Mr Clarke advises employers to consider their business strategy, the employee capabilities they need to execute the strategy, the organisational behaviours they need to encourage in the business to help support that execution and the most appropriate training route.
“The types of development I find have most bang for their buck are those which give people time to think about their own motivations for the job they do, time to think about their career and time to think about the job challenges they face,” he says. “Then they can make choices about how they want to tackle that.” Staff motivation, he adds, is also key to training programme success.
Employers still unconvinced about the need to invest in staff training and development, and its impact on employee engagement, should consider the workforce planning challenges that their organisation currently faces, not least those involved in managing an ageing workforce.
Employees can now work for longer following the removal of the default retirement age of 65 in 2011, but the changing nature of work, together with the fact that a large proportion of baby boomers did not attend university, means employers will need to address this skills gap at some point.
David Sinclair, assistant director, policy and communications, at the International Longevity Centre, says: “It’s really important employers have skills for the modern workplace, so it strikes me they will either have to create more jobs which people are able to do or re-skill staff accordingly.”
Dr Zofia Bajorek, a researcher at The Work Foundation agrees, adding: “Coming out of this recession, employers actually need three things of their employees – someone who’s skilled at their job, healthy and engaged. And if they have those three traits in their employee, they will see themselves able to develop more business productivity and opportunity.”
FINANCIAL ADVICE
LEARNING HOW TO MANAGE MONEY
The Financial Services and Markets Act 2000 prohibits unauthorised businesses and individuals from providing investment advice, but this should not deter employers from supporting employees to manage their finances.
Many employers have been introducing financial education programmes to their organisations as part of their pension auto-enrolment projects. Auto-enrolment, which was introduced in October 2012, is a new legal requirement requiring employers to automatically enrol eligible workers into their workplace pension scheme.
Financial education programmes, typically, explain how auto-enrolment works, what it means for employees and how their pension scheme contributions will be invested.
Some employers have extended their content to help employees plan for their retirement, as well as to explain the importance of an investment strategy review for staff who wish to work longer.

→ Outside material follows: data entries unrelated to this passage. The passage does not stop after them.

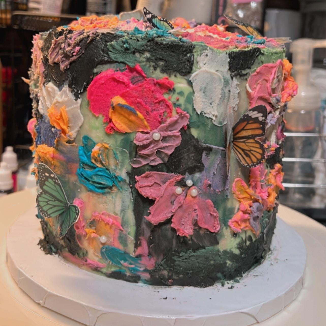You know what, If the base coat, so to say, what super smooth, it would have been perfect imo. This is a style I come across every now and then when looking for inspo on abstract cakes, and I always think of it as orchestrated chaos. And that is not necessarily an easy thing to create. I actually really like it, OP!!! I really hope you had fun doing it, that’s the most important thing, whether it’s your first or you 100th cake.
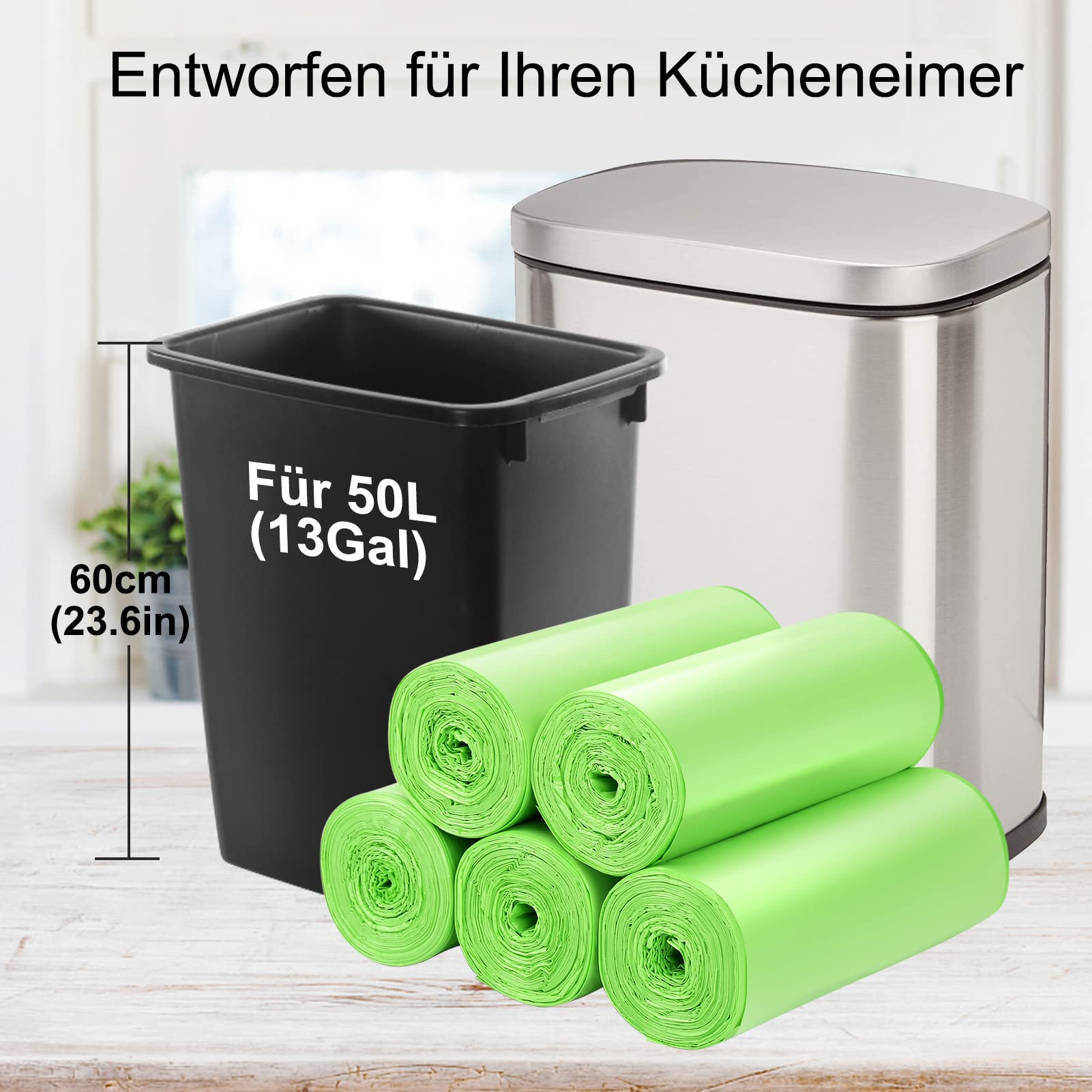 Müllsäcke kompostierbare müllbeutel-50pcs biomülltüten-50L: Aievrgad 13 gallon rubbish bag - 100% recycled, thick, biodegradable, compostable, for kitchen/home/garden green
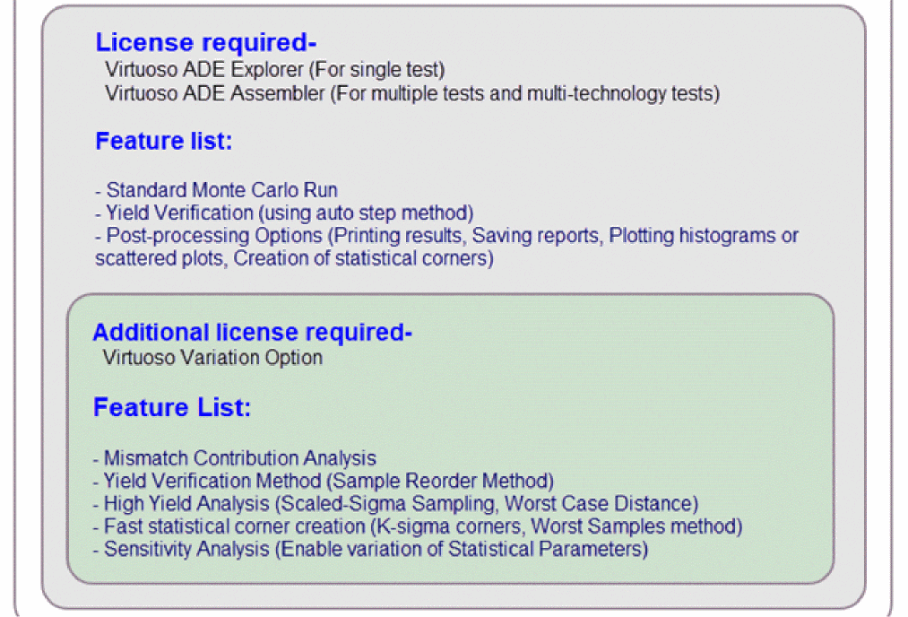 To perform statistical analysis for a single test, you can use ADE Explorer. For multiple tests or for multi-technology tests, you can use Monte Carlo in ADE Assembler.To used advanced run options or features, such as, high yield estimation, you require an additional license, Virtuoso Variation Option.
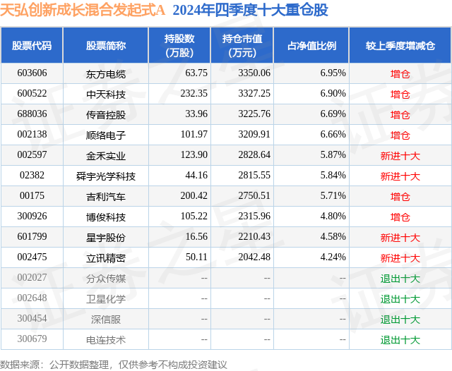 天弘创新成长混合发起式A的前十大重仓股如下:
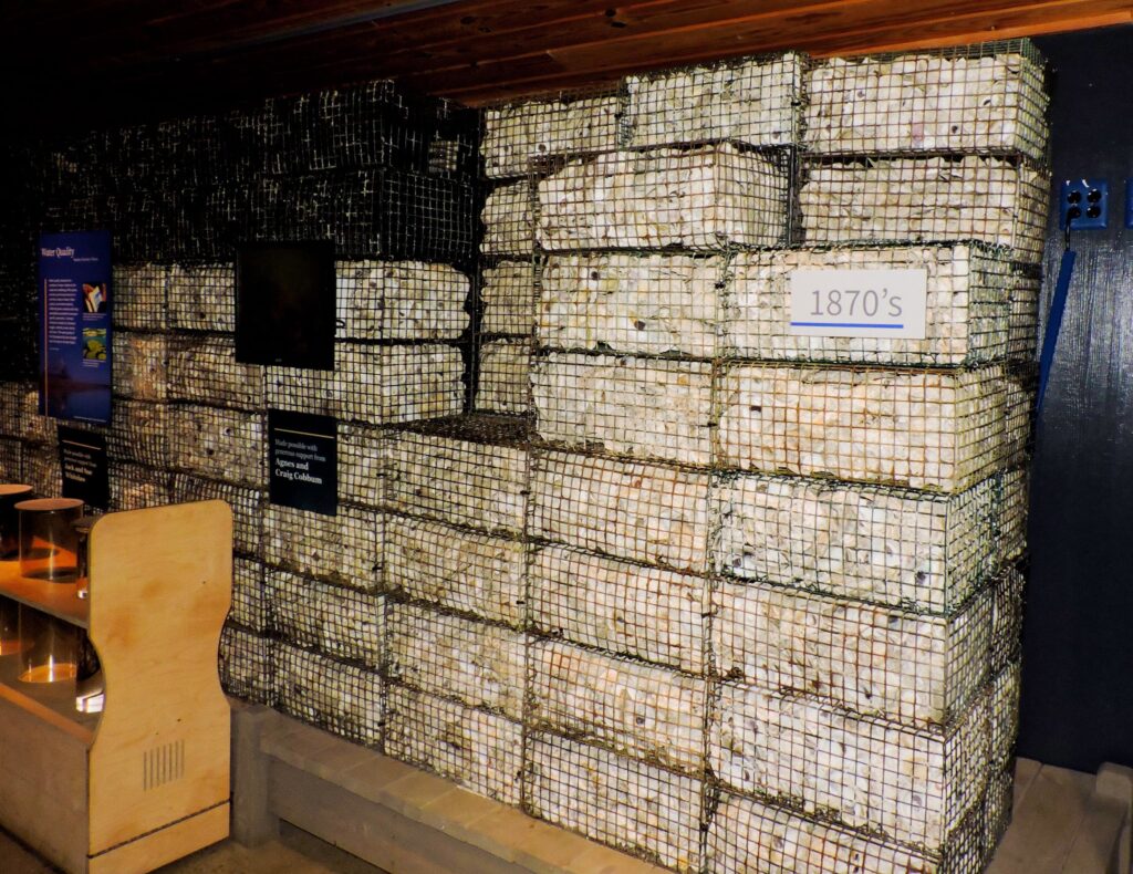 Behind them, against the far wall was one of the most impressive exhibits. Beneath a case featuring an NOAA buoy for monitoring water in the Chesapeake Bay were two small wire oyster cages filled with shells representing the small number of oysters available for harvesting from that spot in 2010. In contrast, to the right of the display were wire cages of shells piled high atop one another along the wall representing the number of oysters harvested from the same spot in the 1870’s.
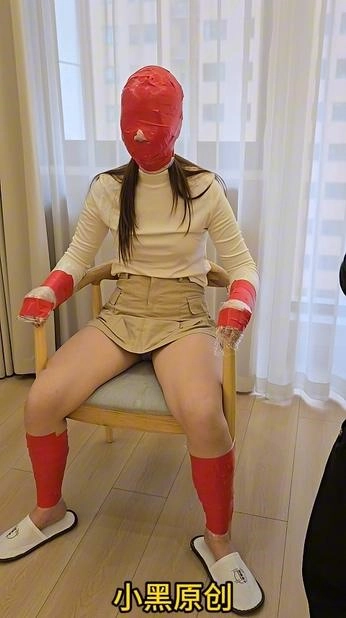 查看完整版本: 【小黑】胶带椅子拘束逃脱挑战,胶带全包头,保鲜膜再缠上,她疯狂挣扎,我依然不给她解开,最后惩罚是打开门给她放门口。
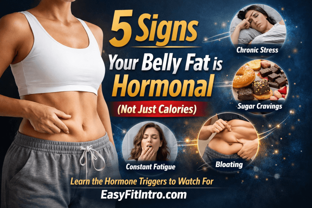 If fat accumulates mainly around your lower stomach, fluctuates with stress levels, worsens with poor sleep, and doesn’t respond to calorie cutting, hormones may be involved.
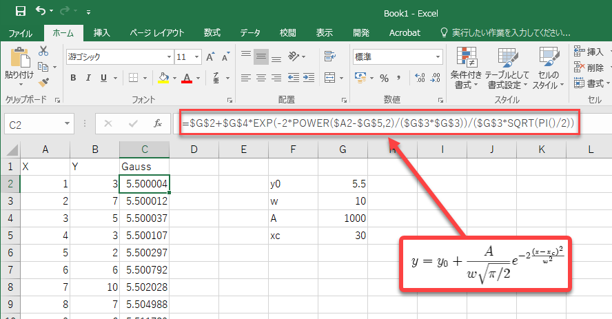 Excelでフィットを行う場合には、変数セルや目的セルなど事前に準備するものがいくつかあり手間がかかりますが、Originでは元データ(もしくはグラフ)があればそのままフィットに使う関数を選択してフィットを実行できます。ここでは同じデータに対してフィットを行う手順をOriginとExcelで比較してご紹介します。今回はOriginに標準で組み込まれているGauss関数でフィットさせる場合の手順を比較します。
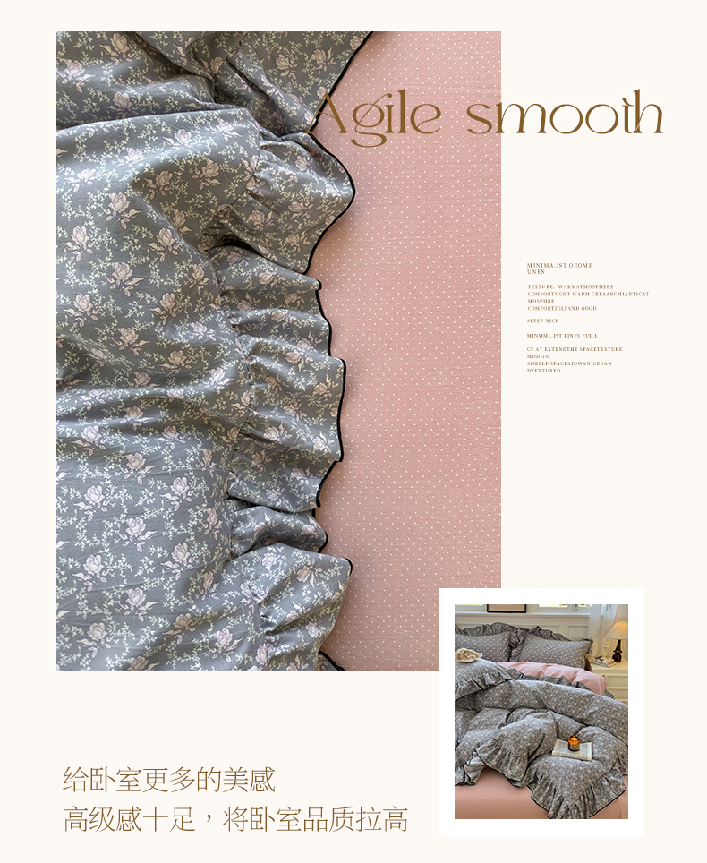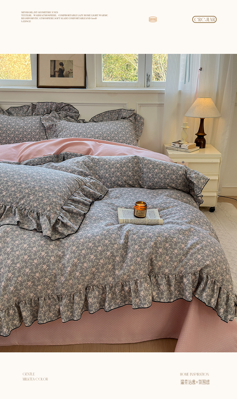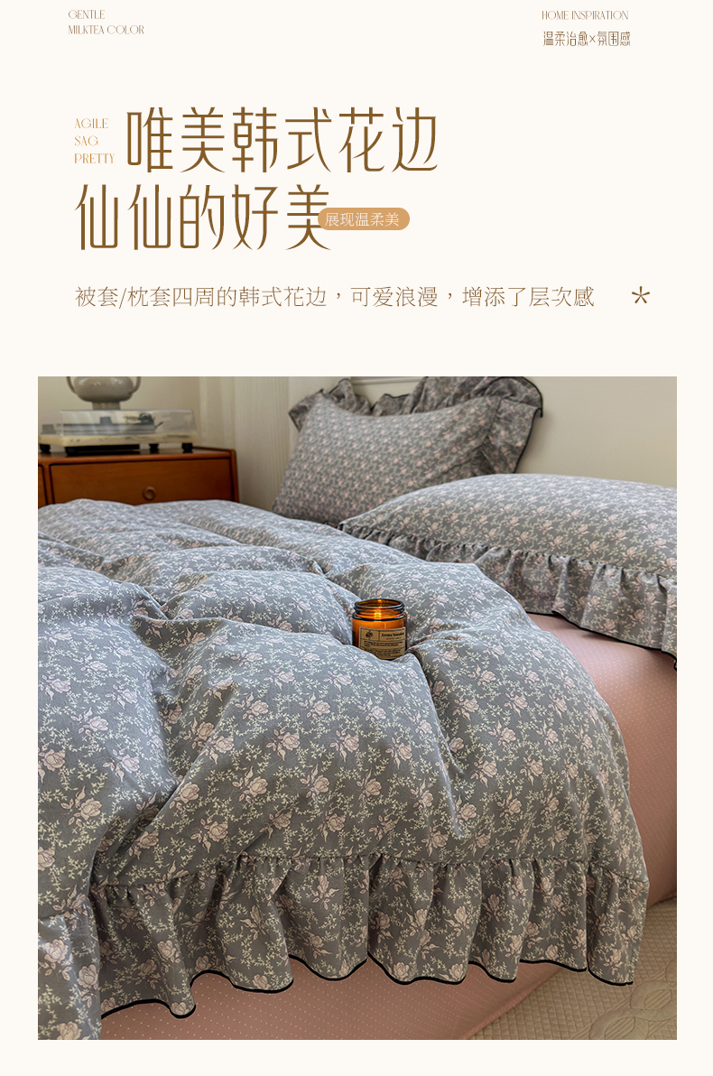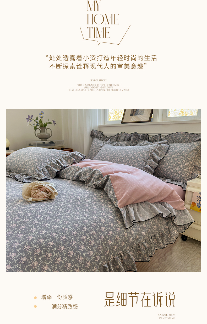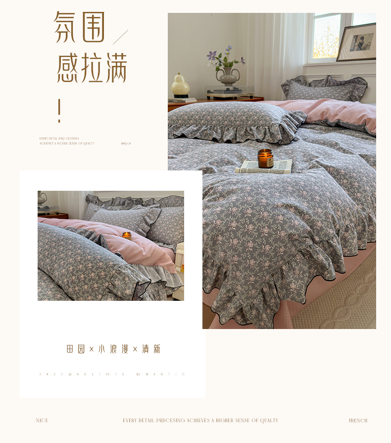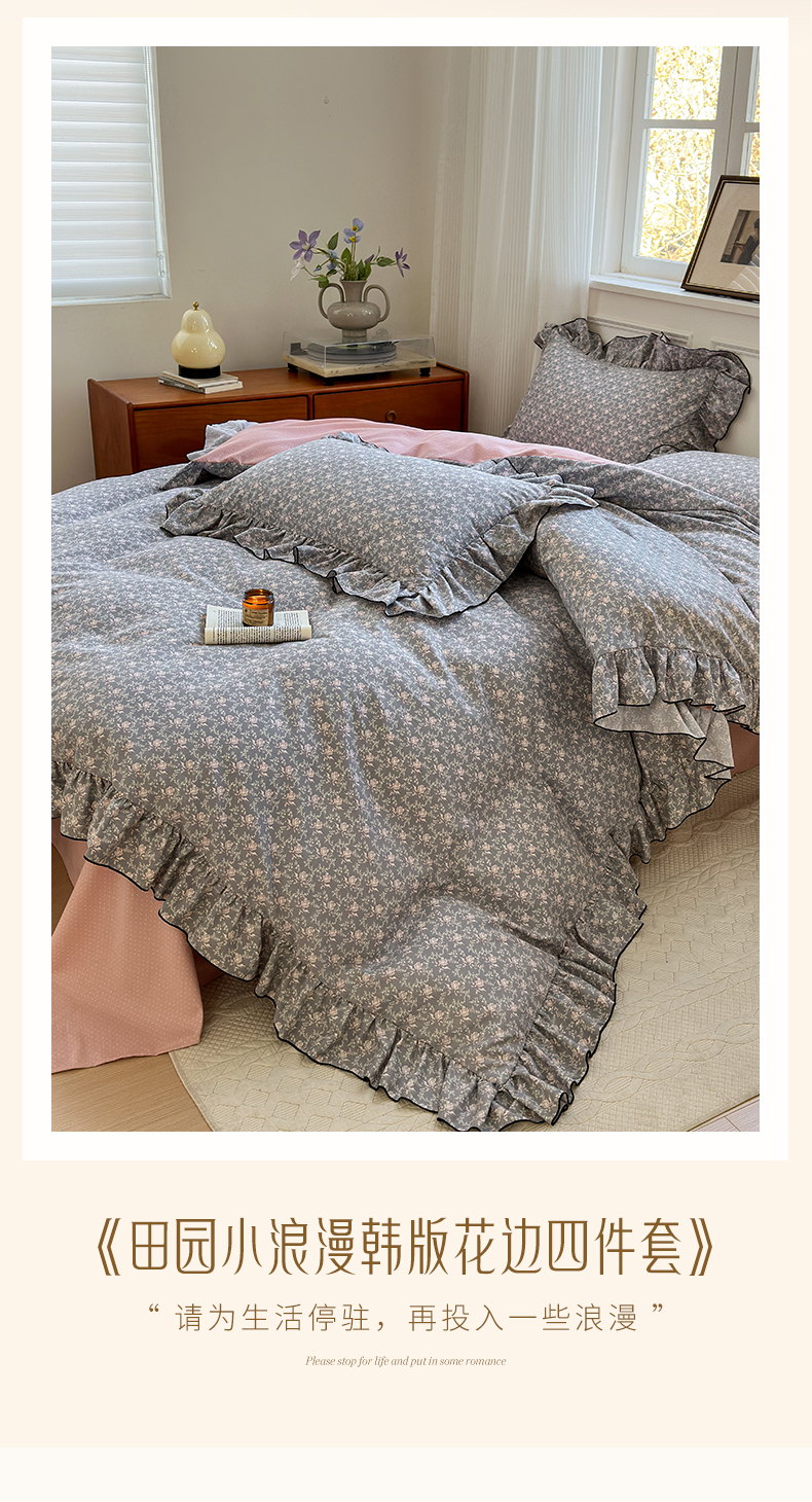 当前位置: 91家纺网 > 商品网购 > 床品套件 > 四件套 > 其它四件套 > 寐居家纺 2025新款韩版舒柔绵四件套 花边款-梦幻花海

But some organisations are instead focusing on more practical financial guidance, such as budgeting and debt management.
Jo Thresher, head of money at insurance and employee benefits consultancy Jelf Group, says: “Many people have had very little financial education from school or parents, and they face huge consumer and peer pressure all the time. Literally every second of the day someone’s trying to get them to buy something and they’re very confused.”
Ms Thresher is working with employees to help them understand the importance of budgeting and, where possible, saving. “If it’s more complicated than that and they really are struggling with day-to-day budgeting, which we are seeing, employees won’t engage,” she warns.
A good starting point for employers considering implementing a financial education programme is to identify employees’ financial worries and needs. “They need to ask HR what problems staff are experiencing before they go educating them on something they don’t need,” she says.
Programme funding can be shared between employers and employees or, as is often the case with independent financial adviser sessions, fully funded by staff through their employee benefits programmes.